Omit every picture and return the rest of the data unaltered.

Data extract below:

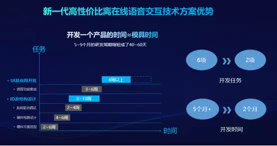 卢尧强调:“这项技术目前已深化成基于“芯片平台+驱动+OS+语音算法”的软硬件深度协同的一体化方案,并向产业链上下游开放。开发者无需集成适配调试,开箱即用。原来所需的UI应用开发、语音功能集成、ID及结构设计、系统驱动调试、硬件电路设计、硬件方案选型等6项固定任务,可减少至2项,如此常规5-9个月的研发周期也缩至40-60天,这对硬件研发及生产制造商将会带来极大优势。”
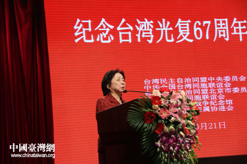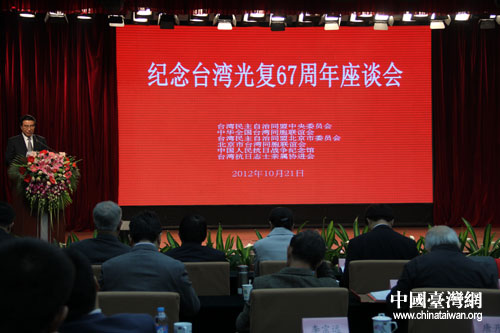 中國臺灣網(wǎng)10月21日北京消息 10月21日,由臺盟中央、全國臺聯(lián)及北京市臺盟、臺聯(lián),中國人民抗日戰(zhàn)爭紀(jì)念館、臺灣抗日志士親屬協(xié)進(jìn)會(huì)聯(lián)合舉辦的“紀(jì)念臺灣光復(fù)67周年座談會(huì)”在中國人民抗日戰(zhàn)爭紀(jì)念館舉行。
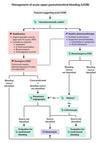 Management - type of bleeding: Endoscopic hemostasis + IV proton pump inhibitor + eradication of H. pylori + discontinuation of NSAIDs/anticoagulants

End of Data extract.

Output of the exercise:
 卢尧强调:“这项技术目前已深化成基于“芯片平台+驱动+OS+语音算法”的软硬件深度协同的一体化方案,并向产业链上下游开放。开发者无需集成适配调试,开箱即用。原来所需的UI应用开发、语音功能集成、ID及结构设计、系统驱动调试、硬件电路设计、硬件方案选型等6项固定任务,可减少至2项,如此常规5-9个月的研发周期也缩至40-60天,这对硬件研发及生产制造商将会带来极大优势。”
 中國臺灣網(wǎng)10月21日北京消息 10月21日,由臺盟中央、全國臺聯(lián)及北京市臺盟、臺聯(lián),中國人民抗日戰(zhàn)爭紀(jì)念館、臺灣抗日志士親屬協(xié)進(jìn)會(huì)聯(lián)合舉辦的“紀(jì)念臺灣光復(fù)67周年座談會(huì)”在中國人民抗日戰(zhàn)爭紀(jì)念館舉行。
 Management - type of bleeding: Endoscopic hemostasis + IV proton pump inhibitor + eradication of H. pylori + discontinuation of NSAIDs/anticoagulants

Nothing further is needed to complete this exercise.